§ Exercise: Keeping every word the same, give again only the lines from the one with "Smelteverket. Panorama fra" through the end of the data, both included, and leave every picture out.

§ Stored data:
--------------------------------
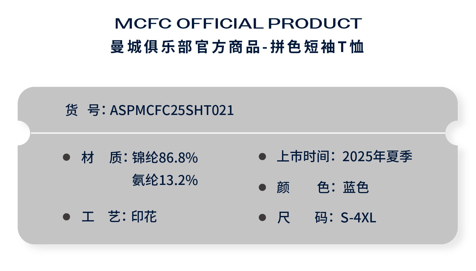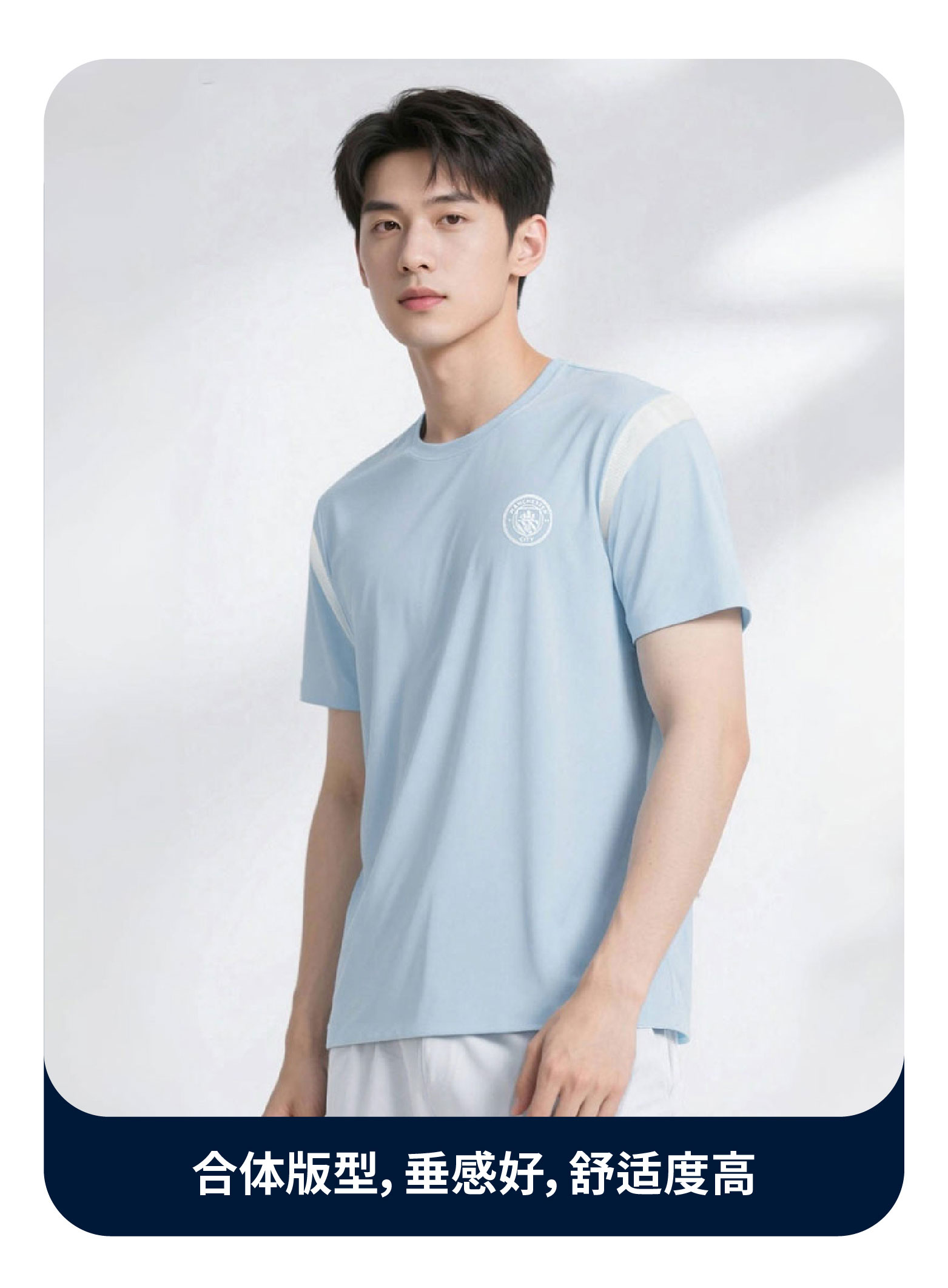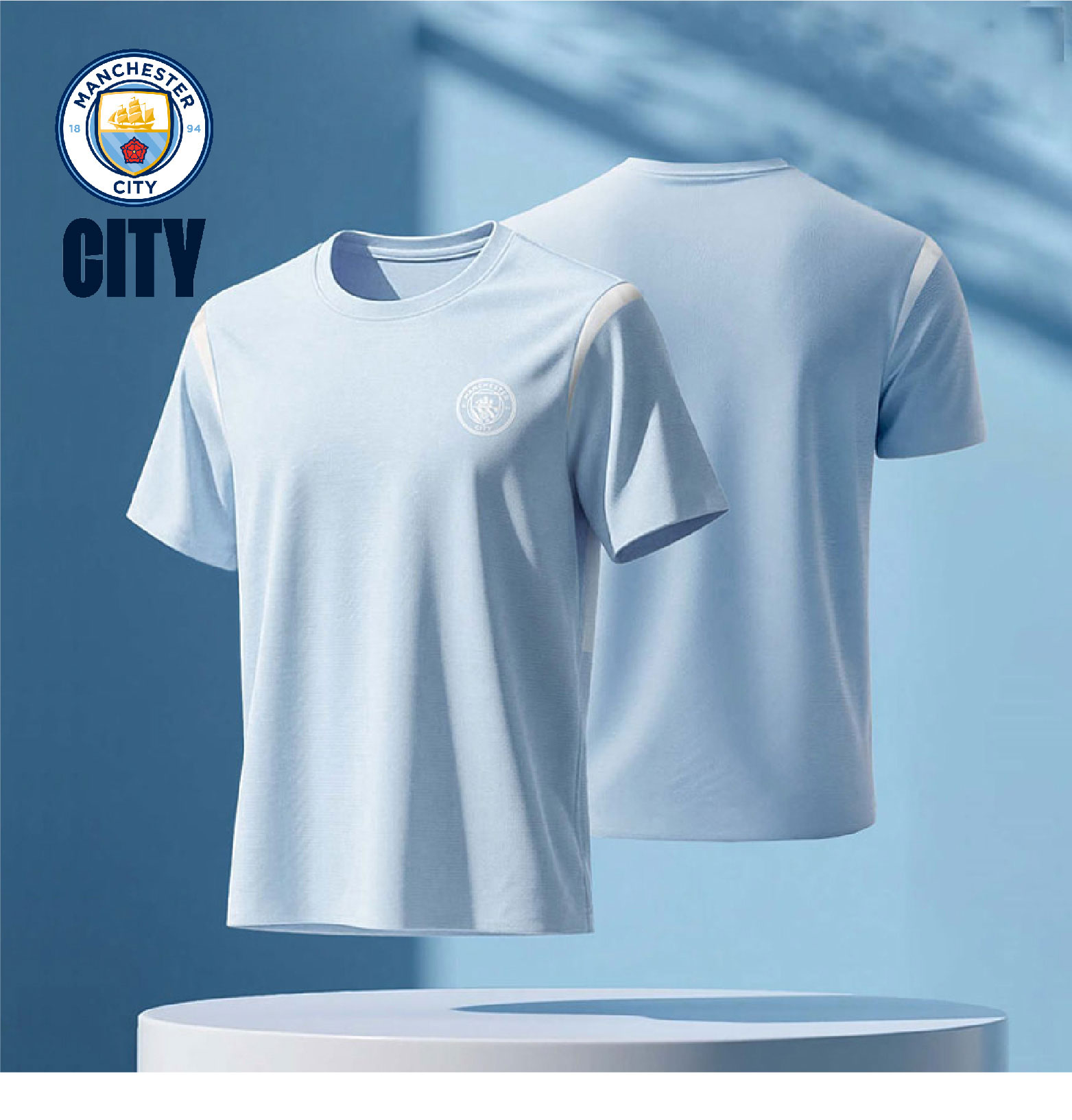 【官方正版】曼城俱乐部 | 蓝白短袖吸湿速干夏日清新运动户外T恤
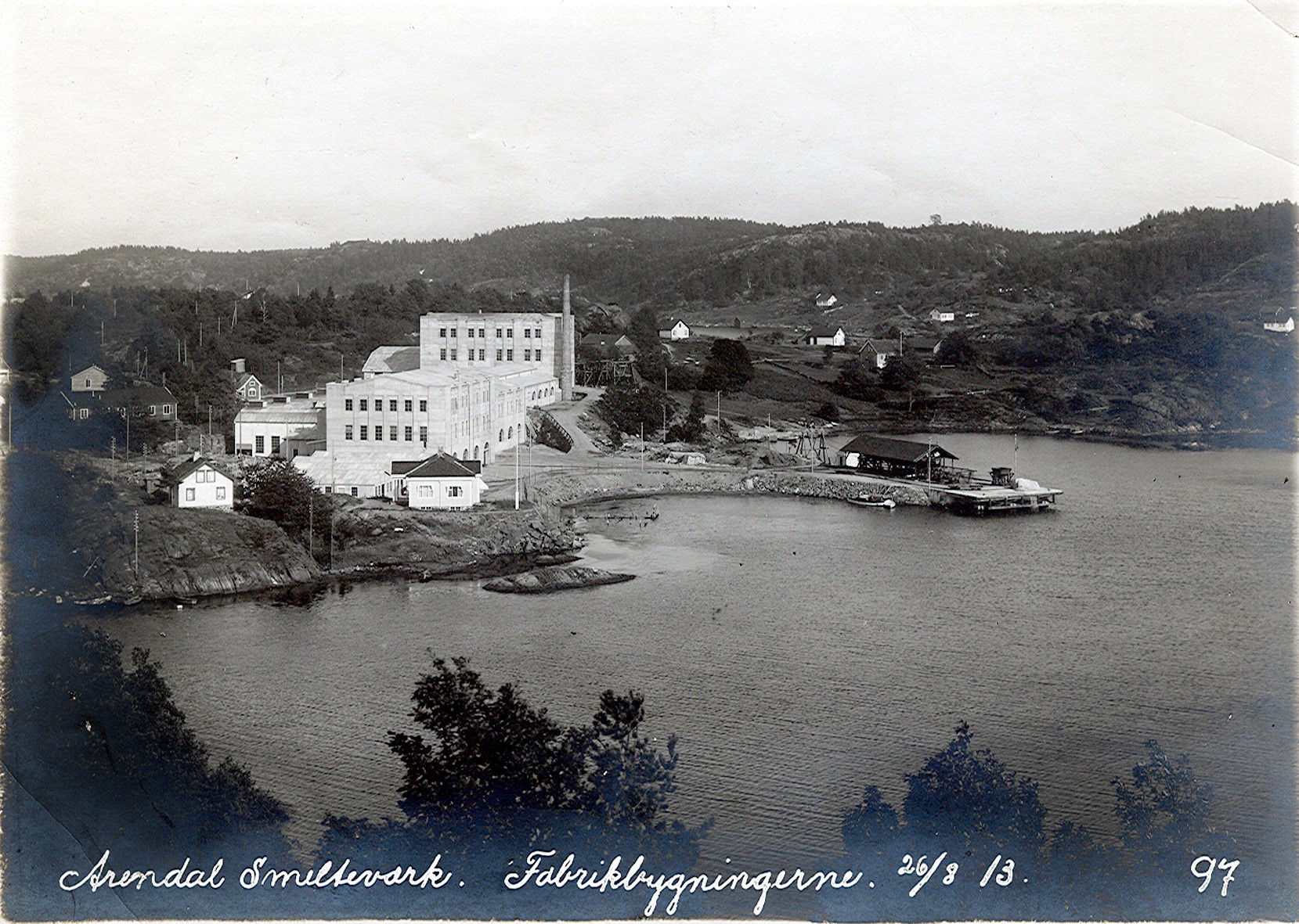 Smelteverket. Panorama fra Husefjellheia. Det lille hvite huset var eid av Ole Johansen for Smelteverket. Huset benyttet til Laboratorium senere. Kontorbygningen i forgrunnen. Bakenfor Mælle II, Ovnshusene og Mølle I. Til høyre kaianlegget med taubane. Bekkevika inn til venstre. Til høyrre Østre Hellesund, Palsodden og Tromøy i bakgrunnen. Foto: Løvfold, 1913. Stort bilde
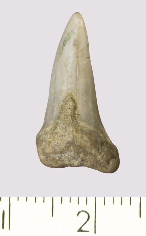Зуб (фрагмент). Акула. Lamniformes gen. et sp. indet. Классификация: Хордовые Chordata, Позвоночные Vertebrata, Хрящевые рыбы Chondrichthyes, Пластиножаберные Elasmobranchii
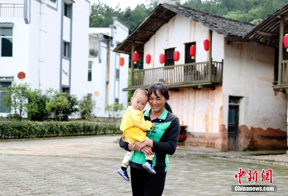 5月23日,在江西瑞金市叶坪乡黄沙村华屋,村民抱着小孩在新村旧屋前散步休闲。坐落于绿水青山中的华屋村,曾是一个贫困落后的小村落。在实施苏区振兴和精准扶贫后,这里的村庄发生了翻天覆地的变化,不仅新修建了公路和住房,并统一规划建设了大规模的蔬果大棚,成为是远近闻名的乡村旅游点。中新社记者 刘占昆 摄
--------------------------------
§ Result of the exercise:
 Smelteverket. Panorama fra Husefjellheia. Det lille hvite huset var eid av Ole Johansen for Smelteverket. Huset benyttet til Laboratorium senere. Kontorbygningen i forgrunnen. Bakenfor Mælle II, Ovnshusene og Mølle I. Til høyre kaianlegget med taubane. Bekkevika inn til venstre. Til høyrre Østre Hellesund, Palsodden og Tromøy i bakgrunnen. Foto: Løvfold, 1913. Stort bilde
Зуб (фрагмент). Акула. Lamniformes gen. et sp. indet. Классификация: Хордовые Chordata, Позвоночные Vertebrata, Хрящевые рыбы Chondrichthyes, Пластиножаберные Elasmobranchii
 5月23日,在江西瑞金市叶坪乡黄沙村华屋,村民抱着小孩在新村旧屋前散步休闲。坐落于绿水青山中的华屋村,曾是一个贫困落后的小村落。在实施苏区振兴和精准扶贫后,这里的村庄发生了翻天覆地的变化,不仅新修建了公路和住房,并统一规划建设了大规模的蔬果大棚,成为是远近闻名的乡村旅游点。中新社记者 刘占昆 摄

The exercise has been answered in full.